Das Mittelalter, wie es die Vorstellungswelt des heutigen Menschen durchwabert. Auf den einfachen Nenner gebracht bedeutet dies, dass man genaueres nicht weiss.
Am wenigstens darüber, wieviel Mittelalter uns heute noch immer umgibt. Gemeinhin zieht die Drohung „Willst du zurück ins Mittelalter“ besonders gut, wenn verständige Menschen hinsichtlich des unkritischen Modernisierungswahns vernünftige Fragen stellen. Private Fernsehanbieter auf 789 überflüssigen Kanälen. Das allerneueste Unsinnsgerät. Abstruse Neuerungen. Strassenräuberische Verordnungen und deren Gebühren.
„Wie, du bist dagegen? Willst du etwa zurück ins Mittelalter?“
Dabei leben wir in vielerlei Hinsichten nach wie vor im finstersten Mittelalter.
Da sind die Raubritter der Industrie und ihre Verbündeten in den Gilden und Zünften. Es ändert nichts daran, dass wir die heute Verbände nennen oder Kammern, denn am Prinzip ihrer Interessen hat sich nichts geändert. Wohlwollend beschützt wird deren gieriges Treiben vom Politadel in den jeweiligen regionalen Regierungen.

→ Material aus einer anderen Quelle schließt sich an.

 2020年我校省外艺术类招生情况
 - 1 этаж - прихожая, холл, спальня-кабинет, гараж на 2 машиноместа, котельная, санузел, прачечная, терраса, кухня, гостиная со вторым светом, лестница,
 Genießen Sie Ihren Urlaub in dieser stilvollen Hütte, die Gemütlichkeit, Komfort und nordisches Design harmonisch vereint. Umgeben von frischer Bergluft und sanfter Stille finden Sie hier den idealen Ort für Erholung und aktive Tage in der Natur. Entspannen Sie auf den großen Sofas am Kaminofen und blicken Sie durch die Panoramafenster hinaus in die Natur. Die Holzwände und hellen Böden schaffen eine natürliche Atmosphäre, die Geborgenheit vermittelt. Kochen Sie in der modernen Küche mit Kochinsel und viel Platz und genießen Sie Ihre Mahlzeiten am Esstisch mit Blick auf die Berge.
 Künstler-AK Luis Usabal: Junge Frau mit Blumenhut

Das Beispiel der Energiesanierung von Gebäuden als Frondienst. Seit einigen Jahren gibt es die unterschiedlichsten Vorschriften zur energetischen Sanierung von Wohngebäuden. Neuerdings sieht man mehr und mehr alte Häuser, die in eine dicke Rundumisolierung aus Styropor gekleidet werden. Zahlreiche Gutachten (Schlechtachten?) bescheinigen den positiven energiesparenden Effekt. Die Industrie lässt die Sprecher entsprechender Verbände von der Kette, die Politik greift das Thema, die Lawine kommt ins Rollen. Lawinen sind gefährlich.
Mehr Isolierung bringt mehr Einsparung klingt irgendwie logisch. Allerdings nur irgendwie. Bautechnisch exakt gerechnet ergibt sich nämlich genau das Gegenteil. Darauf weist z.B. Prof. Jens Fehrenberg von der FH Hildesheim bereits seit einigen Jahren hin. Und auch, dass derart styroporverpackte Häuser im Brandfall fast nicht mehr löschbar seien. Eine Dokumentation zum Augenöffnen für den betrügerischen Irrsinn gibts bei youtube.com/watch?v=OJ-XHHHZ8N8 (www. davor schafft den Durchblick).

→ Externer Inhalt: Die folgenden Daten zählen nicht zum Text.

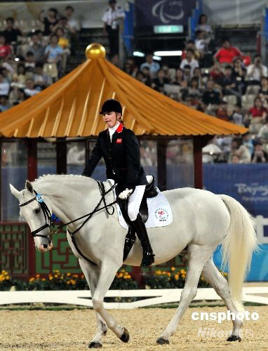 九月十一日晚,来自英国的选手索菲-克里斯琴森在香港残奥马术盛装舞步“个人自选动作科目-级别Ia”上获得金牌。图为索菲-克里斯琴森策骑马匹“朗布鲁斯科三世”在比赛中。 中新社发 邓庆乐 摄
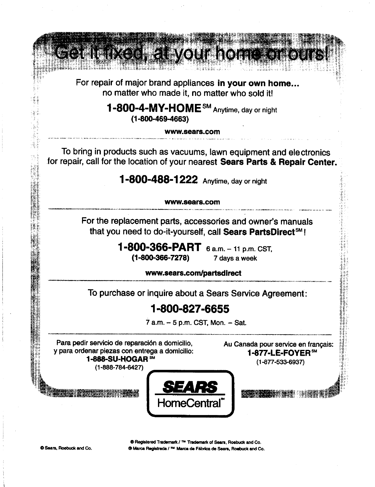 for repair, call for the location of your nearest Sears Parts & Repair Center.
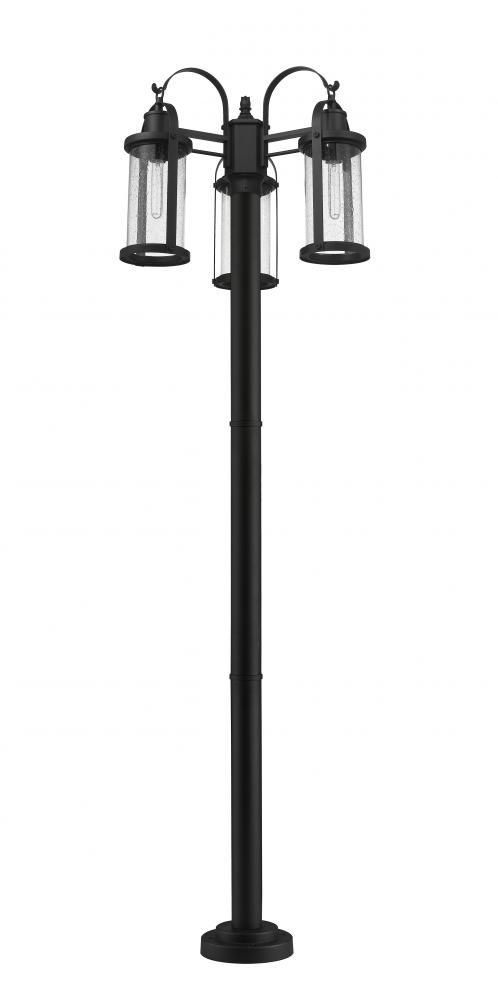 This three-light outdoor post mounted fixture can revitalize the look of your porch or patio space with its lantern-like features and classic yet modern character. Black aluminum composes the elegant, subtly flared post with its circular base, and caps the top and bottom of the two cylindrical shades, finished with clear seedy glass. LED bulbs effectively illuminate your space, making this a clear choice for sleek, energy-efficient exterior lighting.

Gegen die profitgefährdenden Wahrheiten und die Aufdeckung der unglaublichen Lügen, wie sie in der Doku gezeigt werden, bellen die Kettenhunde der Gilden und Zünfte natürlich an. Und lügen noch frecher, dass sich die Balken biegen. Und weil diese Kammern nicht nur bellende Hunde haben, die verunsicherte Bürger durch gezielte Angstmache konsumgefügig machen, sitzen in den Gewölben ihrer Burgen die scharfsinnigen Vorausdenker. Und die haben schon etwas Neues in der Schublade.
Rauchwarnmelder. Alle Gebäude in der mittelalterlichen Bundesrepublik müssen nun mit Rauchwarnmeldern ausgerüstet werden. Bis spätestens zum 31.12.2014. Und schon hofft auch viel fahrendes Volk mit Taschenspielertricks auf zahlendes Publikum. Da wird nicht nur der Einbau verkauft, sondern dieser am liebsten auch gleich mit jährlichen Serviceverträgen gekoppelt. Viele davon gehen haarscharf am BGB vorbei. Das bürgerliche Gesetzbuch. Ach so, das wird ja erst im Jahr 1900 erfunden werden, wir leben ja erst im Jahr 14**.

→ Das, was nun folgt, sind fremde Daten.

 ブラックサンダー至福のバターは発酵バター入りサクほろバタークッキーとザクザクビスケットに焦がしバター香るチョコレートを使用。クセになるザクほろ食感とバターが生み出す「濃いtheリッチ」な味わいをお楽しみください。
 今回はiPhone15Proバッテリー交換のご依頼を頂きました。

Diese beiden Beispiele stehen für viele weitere. Hinschauen im eigenen Lebensumfeld und Nachdenken sind hilfreich. Die äusseren Formen mögen sich verändert haben, die Inhalte sind gleich geblieben. Was früher Fron und Gespanndienste waren, nennt sich heute Vorschrift, Verordnung oder Gesetz. Und die Folgen sind Gebühren, Abgaben und Kosten.
Dafür sind die politischen Gesellen der Raubritter zuständig. Oft undurchsichtige Zustände. Ständegesellschaft. Natürlich sind wir keine Leibeigenen mehr. Aber sind wir wirklich so frei, wie uns das die Raubritter und ihre Politgesellen immer vorgaukeln?
(Foto anklicken, Reissverschluss aufziehen und hinter die Fassade schauen)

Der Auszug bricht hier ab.